Historiographical studies of the May Revolution do not face many doubts or unknown details. Most of the information was properly recorded at the time and was made available to the public by the Primera Junta as patriotic propaganda. Because of this, historical views on the topic differ in their interpretations of the meanings, causes and consequences of the events, rather than in the accuracy of their depiction of the events themselves. The modern version of events does not differ significantly from the contemporary one.
The first people to write about the May Revolution were participants who wrote memoirs, biographies and diaries. However, their works were motivated by purposes other than historiographic ones, such as to explain the reasons for their actions, clean their public images, or express their support or rejection of the public figures and ideas of the time. For example, Manuel Moreno wrote the biography of his brother Mariano as propaganda for the revolutions in Europe, and Cornelio Saavedra wrote his autobiography at a moment when his image was highly questioned, to justify himself to his sons.

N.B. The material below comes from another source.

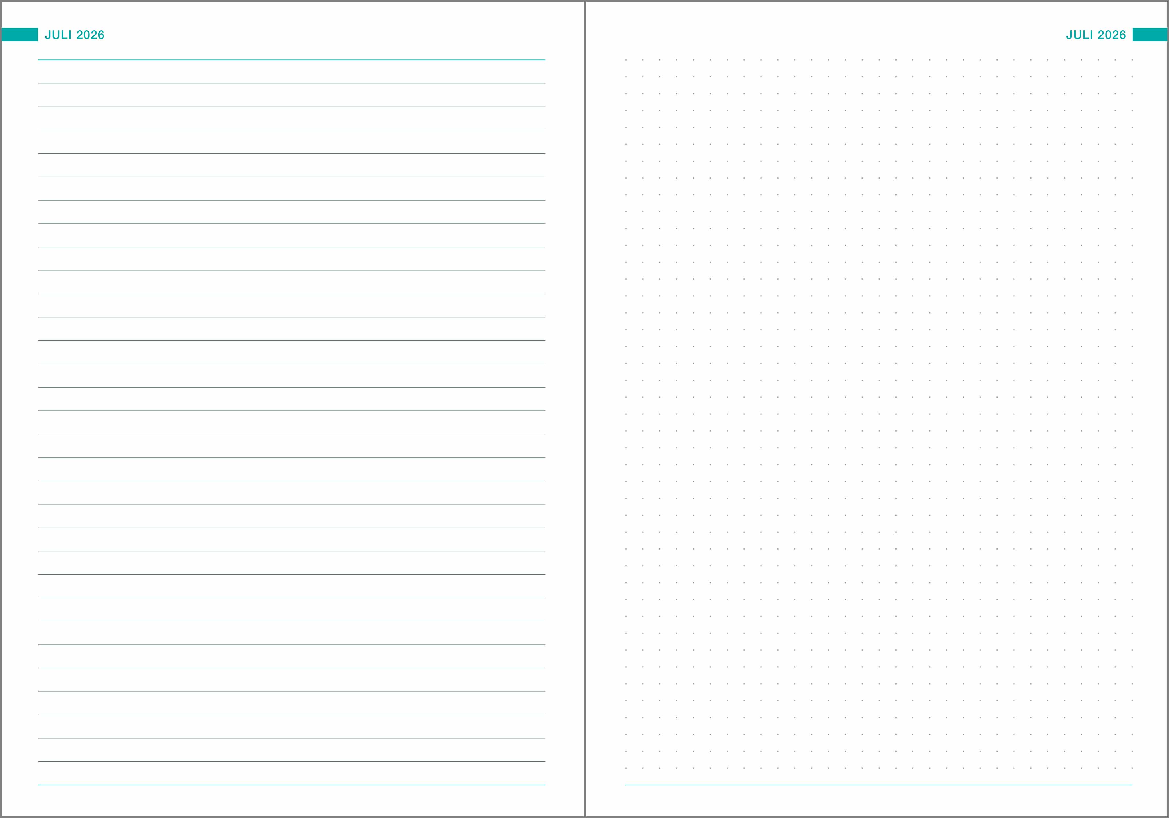 Dieses Journal enthält zwei Funktionen: einmal das Kalendarium in Form von Monatsübersichten von Juli 2026 bis Dezember 2027. Zugleich mit reichlich Raum für Notizen und To-Do-Feldern den Monaten zugeordnet. Ein kalendarisches Notizheft sozusagen.

The first remarkable historiographical school of interpretation of the history of Argentina was founded by members of the 1837 generation, including Bartolomé Mitre. Mitre regarded the May Revolution as an iconic expression of political egalitarianism: a conflict between modern freedoms and oppression represented by the Spanish monarchy, and an attempt to establish a national organization on constitutional principles as opposed to the charismatic authority of the caudillos. These authors' views were treated as canonical until the end of the 19th century, when the proximity of the centennial encouraged authors to seek new perspectives. The newer authors would differ about the relative weight of the causes of the May Revolution and about whose intervention in the events was more decisive, but the main views expressed by Mitre were kept, such as to consider the revolution to be the birth of modern Argentina and an unavoidable event. These authors introduced the idea of popular intervention as another key element. By the time of the World Wars, liberal authors attempted to impose an ultimate and unquestionable historical perspective; Ricardo Levene and the Academia Nacional de la Historia were exponents of this tendency, which still kept most perspectives of Mitre. Left-wing authors took a revisionist view based on nationalism and anti-imperialism; they minimized the dispute between criollos and peninsulars and portrayed events as a dispute between enlightenment and absolutism. However, most of their work was focused on other historical periods.
The May Revolution was not the product of the actions of a single political party with a clear and defined agenda, but a convergence of sectors with varying interests. Thus, there are a number of conflicting perspectives about it, because different authors highlight different aspects. Mitre, for example, referred to The Representation of the Landowners (an 1809 economic report by Mariano Moreno) and the role of the merchants to support the view that the May Revolution intended to obtain free trade and economic integration with Europe; right-wing revisionists center around Saavedra and the social customs of the time to describe the revolution under conservative principles; and left-wing revisionists use the example of Moreno, Castelli and the rioters led by French and Beruti to describe it as a radical revolution.